• **TASK REQUIREMENTS**:
In the entries below, find the line with "Slika 15. Pjevница" and the line with "S obzirom na". Print those two and everything between them exactly, and nothing else.

• **INPUT DATA**:
☆ ☆ ☆

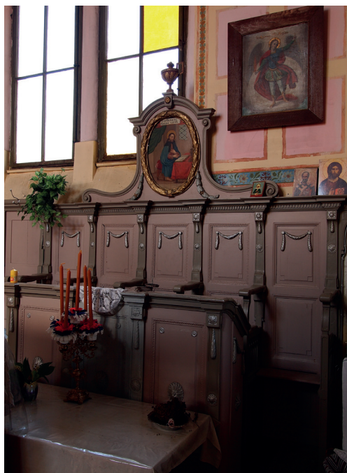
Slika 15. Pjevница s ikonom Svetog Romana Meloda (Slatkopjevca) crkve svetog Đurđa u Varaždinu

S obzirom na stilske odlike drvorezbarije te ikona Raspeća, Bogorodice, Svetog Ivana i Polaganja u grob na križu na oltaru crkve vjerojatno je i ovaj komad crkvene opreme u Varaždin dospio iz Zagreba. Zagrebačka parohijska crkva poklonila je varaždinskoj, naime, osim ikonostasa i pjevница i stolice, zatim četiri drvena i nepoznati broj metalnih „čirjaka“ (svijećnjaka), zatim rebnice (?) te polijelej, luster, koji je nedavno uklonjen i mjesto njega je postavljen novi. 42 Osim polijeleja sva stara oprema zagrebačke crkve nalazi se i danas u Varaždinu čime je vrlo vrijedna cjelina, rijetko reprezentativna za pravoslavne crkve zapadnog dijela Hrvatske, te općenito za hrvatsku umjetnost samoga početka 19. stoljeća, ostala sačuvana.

☆ ☆ ☆

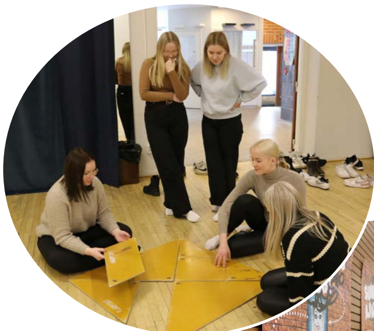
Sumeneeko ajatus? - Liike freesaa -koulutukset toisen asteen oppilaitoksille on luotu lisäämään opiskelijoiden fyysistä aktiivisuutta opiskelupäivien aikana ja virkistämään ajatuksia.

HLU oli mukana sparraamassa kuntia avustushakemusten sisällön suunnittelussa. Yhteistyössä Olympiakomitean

☆ ☆ ☆

• **ANSWER SECTION**:
Slika 15. Pjevница s ikonom Svetog Romana Meloda (Slatkopjevca) crkve svetog Đurđa u Varaždinu

S obzirom na stilske odlike drvorezbarije te ikona Raspeća, Bogorodice, Svetog Ivana i Polaganja u grob na križu na oltaru crkve vjerojatno je i ovaj komad crkvene opreme u Varaždin dospio iz Zagreba. Zagrebačka parohijska crkva poklonila je varaždinskoj, naime, osim ikonostasa i pjevница i stolice, zatim četiri drvena i nepoznati broj metalnih „čirjaka“ (svijećnjaka), zatim rebnice (?) te polijelej, luster, koji je nedavno uklonjen i mjesto njega je postavljen novi. 42 Osim polijeleja sva stara oprema zagrebačke crkve nalazi se i danas u Varaždinu čime je vrlo vrijedna cjelina, rijetko reprezentativna za pravoslavne crkve zapadnog dijela Hrvatske, te općenito za hrvatsku umjetnost samoga početka 19. stoljeća, ostala sačuvana.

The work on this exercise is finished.